Help, I'm ready to give up

These are three very distinct things.

As a programmer you will understand this simili.

Think of your .items files as your .h

Think of your .rules files as your .c

Think of the .sitemap as the user interface code which, if you are following MVC is separate.

So to turn around your question “In C why do I have to declare a bunch of stuff in a .h file and write functions in a .c file and what’s with all that code over there that runs the UI?” Its because they serve a different purpose.

http://docs.openhab.org/concepts/index.html
http://docs.openhab.org/tutorials/migration.html#new-concepts-things-and-channels

If you are coming from OH 1, Things and Channels replace the config stuff you used to put between { }. This needed to be abstracted to enable autodiscovery and management of everything through the UIs.

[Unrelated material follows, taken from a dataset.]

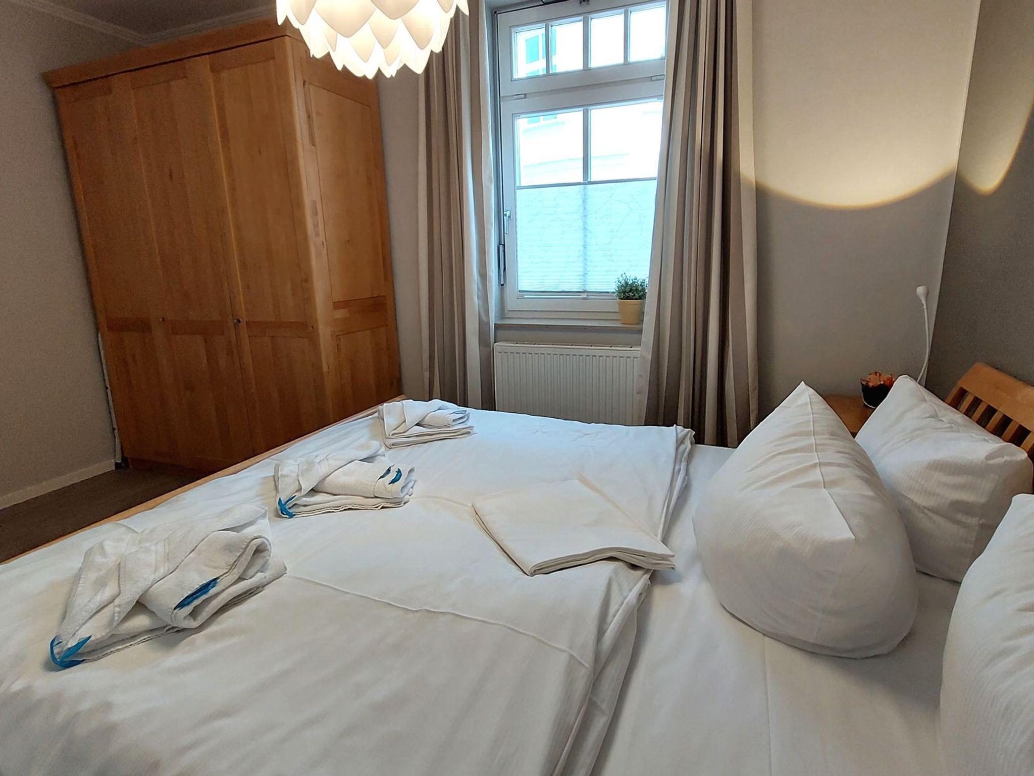 Ihre hochwertig ausgestattete Ferienwohnung 90400 befindet sich im Erdgeschoss der Villa und ist ca. 53 qm groß. Die 2-Raum-Nichtraucher-Wohnung ist für bis zu 4 Personen geeignet und verfügt über einen hellen Wintergarten mit gemütlicher Sitzecke sowie einen Balkon.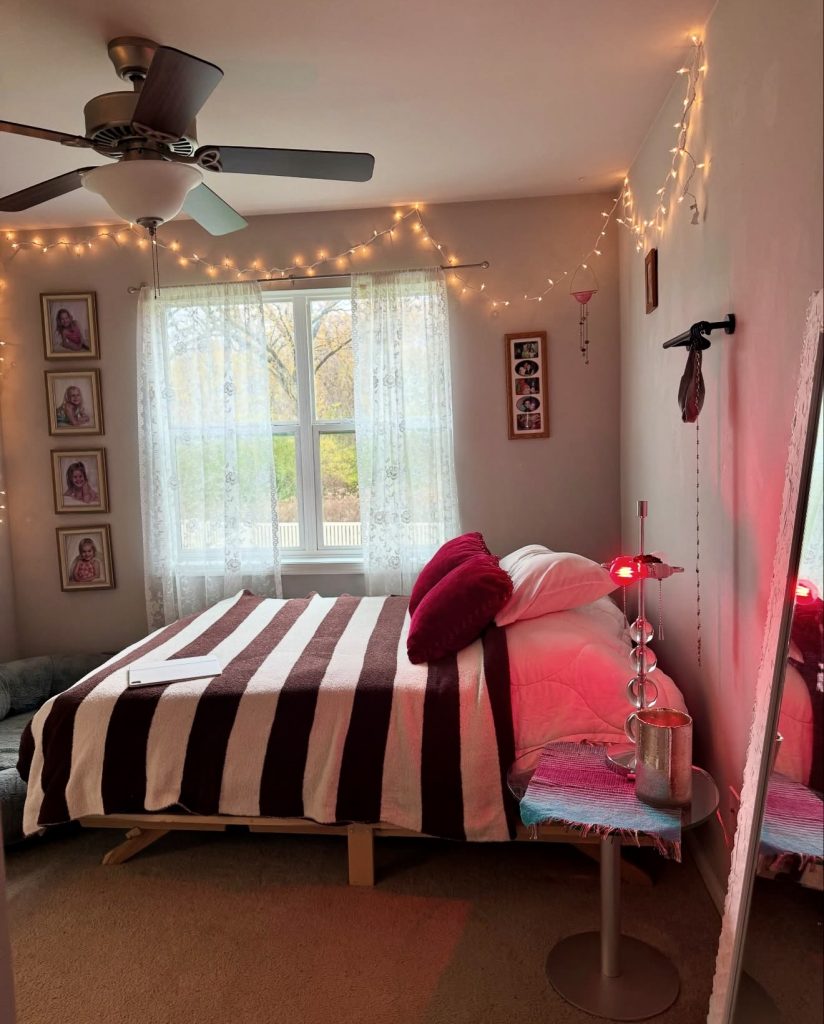 Here, the aesthetic leans into a charming, softly expressive version of clean living, where string lights add a glow that feels straight out of a relaxing ASMR video. The striped blanket brings structure to the layout, while the accents of deep pink create subtle girly energy without overwhelming the room. The combination of family pictures, layered textures, and airy white curtains strikes a balance between personal and polished—like a simplified take on a vision board that still stays tidy enough for everyday use. It’s an approachable style many American readers love: warm, slightly nostalgic, and inviting.

How would you propose to mix the functionality across them? For example, create behavior that triggers based on events from multiple sources? If all my zwave stuff is stuck located together, how can I let ym zwave stuff control my MQTT stuff and vise versa?

The primary reason d’etre of OH is to act as a kind of universal translator between multiple (over 150 at this point) technologies and APIs. As such it used the common architecture of layers of abstraction. If you compare it to the OSI networking model you will find a lot of parallels.

Application  Sitemap
Presentation Sitemap
Session      Rules
Transport    Items
Network      Channels   
Data         Bindings/Things
Physical     Dongles/APIs

Obviously the simili above is not perfect but I hope it is at least illustrative. These things build upon each other and the layers of abstraction allow, for example, Rules to work with any Item with no knowledge of what that Item represents nor how that Item communicates with the device it represents.

This is in the works and one of the main reasons for the Experimental Rules Engine.

And this is what the Experimental Rules Engine is intending to create. However, even with this you will still have a layer of abstraction between Items and Rules because a Rule should not know nor care what technology or device an Item is attached to.